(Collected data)
================================

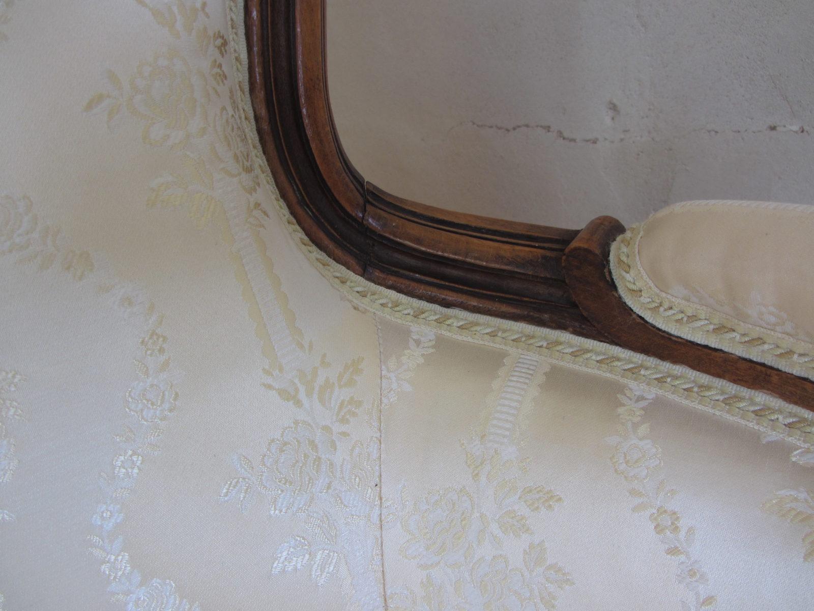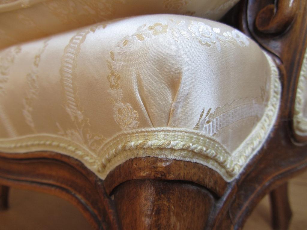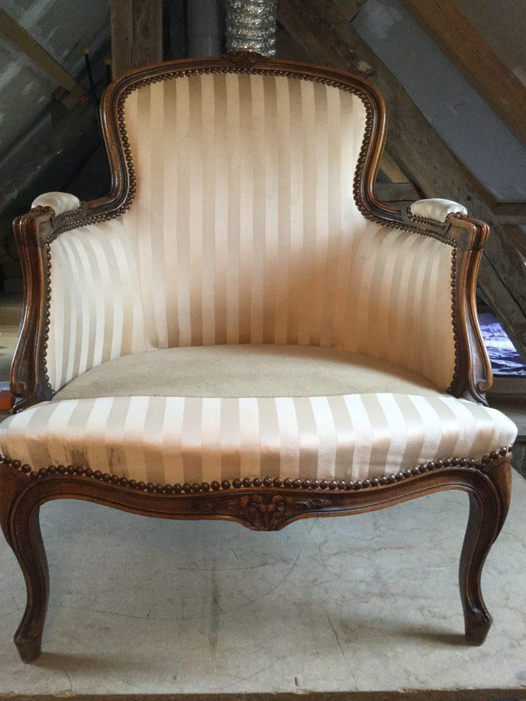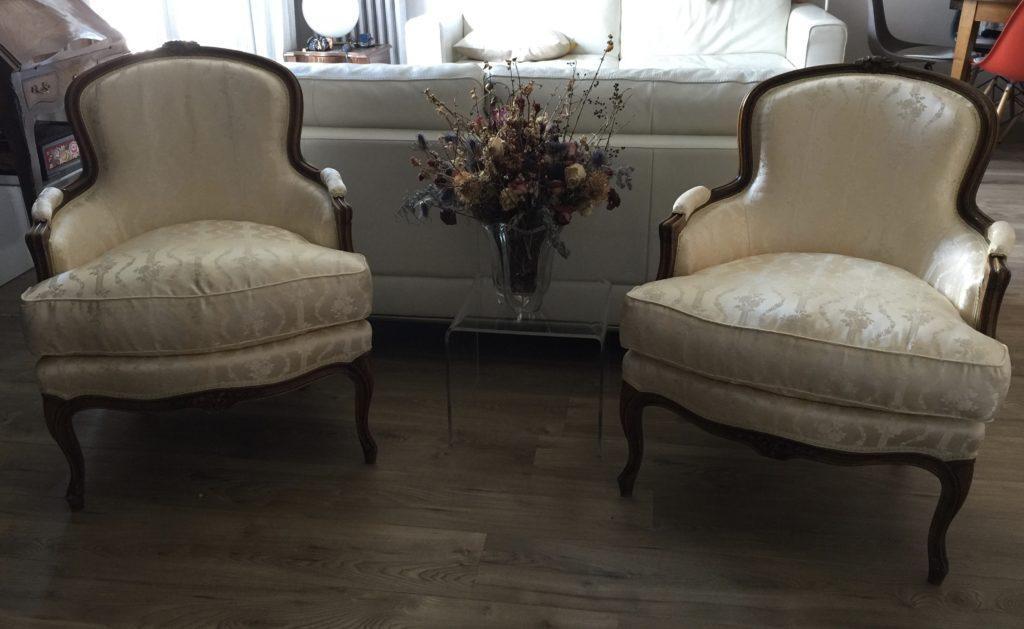 Réfection complète et traditionnelle de deux bergères de style Louis XV. Les clients ont choisi un joli tissu de la Maison Charles Burger, le Damas Petit Trianon de couleur crème. Un tissu très classique, soyeux qui représente bien le type de motifs utilisés à l’époque de Louis XV. Les coussins ont été garnis de plumes et duvet pour un superbe effet gonflant. De retour à Paris.
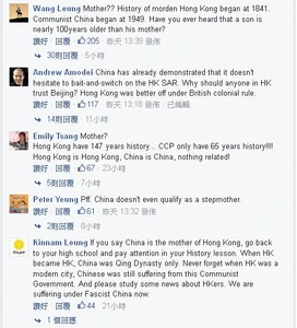 有網民留言指,如「香港在1841年開埠,中共則成立在1949,試問世上可有兒子比自己親母年長100多歲?」,更有人認為,「中共更像二戰時侵佔巴黎時的納綷德國一樣」。[3]
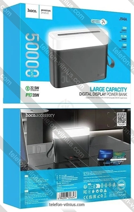 Hoco J94A 50000mAh — низкая цена по скидке, товар в наличии и бесплатная доставка по всей Литве
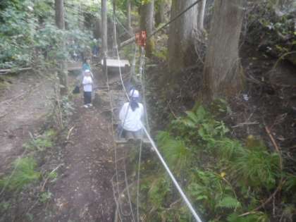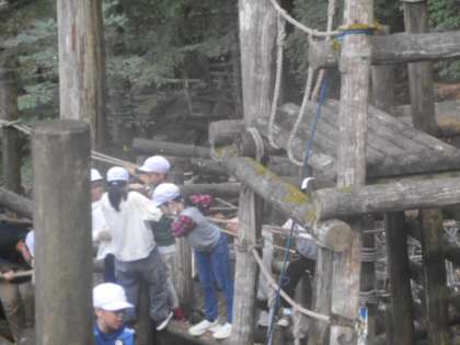ゴシ谷ハイクが予定より早く終わったので、冒険の森を使わせていただきました。自然の形を利用したアスレチックに、子どもたちは夢中でした。
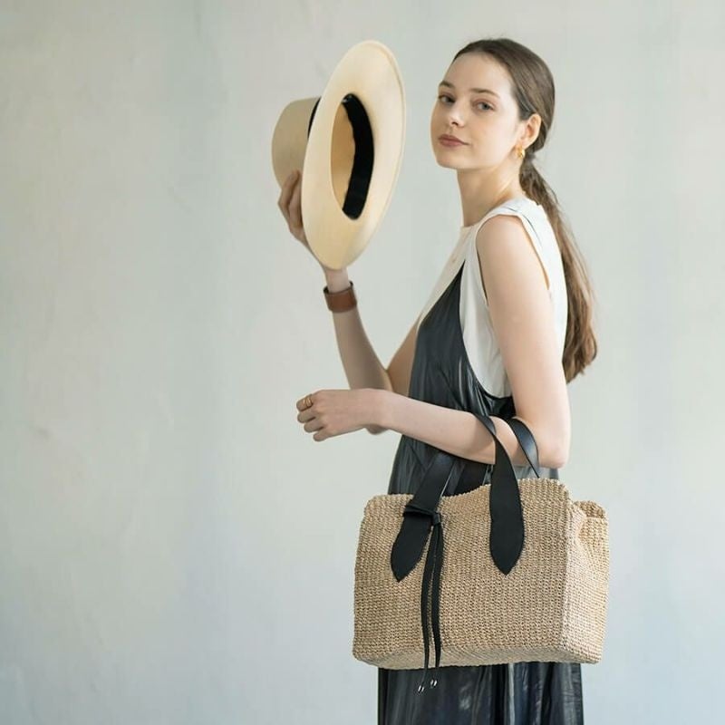 【2024S/S新作】軽やかな春の風に感じる大人の余裕。異素材MIXできれいめスタイルに華を添える、抜け感溢れるかごバッグ登場!

================================

■ Task brief
Copy the records exactly, leaving out every picture.

■ Result for this task
 Réfection complète et traditionnelle de deux bergères de style Louis XV. Les clients ont choisi un joli tissu de la Maison Charles Burger, le Damas Petit Trianon de couleur crème. Un tissu très classique, soyeux qui représente bien le type de motifs utilisés à l’époque de Louis XV. Les coussins ont été garnis de plumes et duvet pour un superbe effet gonflant. De retour à Paris.
 有網民留言指,如「香港在1841年開埠,中共則成立在1949,試問世上可有兒子比自己親母年長100多歲?」,更有人認為,「中共更像二戰時侵佔巴黎時的納綷德國一樣」。[3]
 Hoco J94A 50000mAh — низкая цена по скидке, товар в наличии и бесплатная доставка по всей Литве
ゴシ谷ハイクが予定より早く終わったので、冒険の森を使わせていただきました。自然の形を利用したアスレチックに、子どもたちは夢中でした。
 【2024S/S新作】軽やかな春の風に感じる大人の余裕。異素材MIXできれいめスタイルに華を添える、抜け感溢れるかごバッグ登場!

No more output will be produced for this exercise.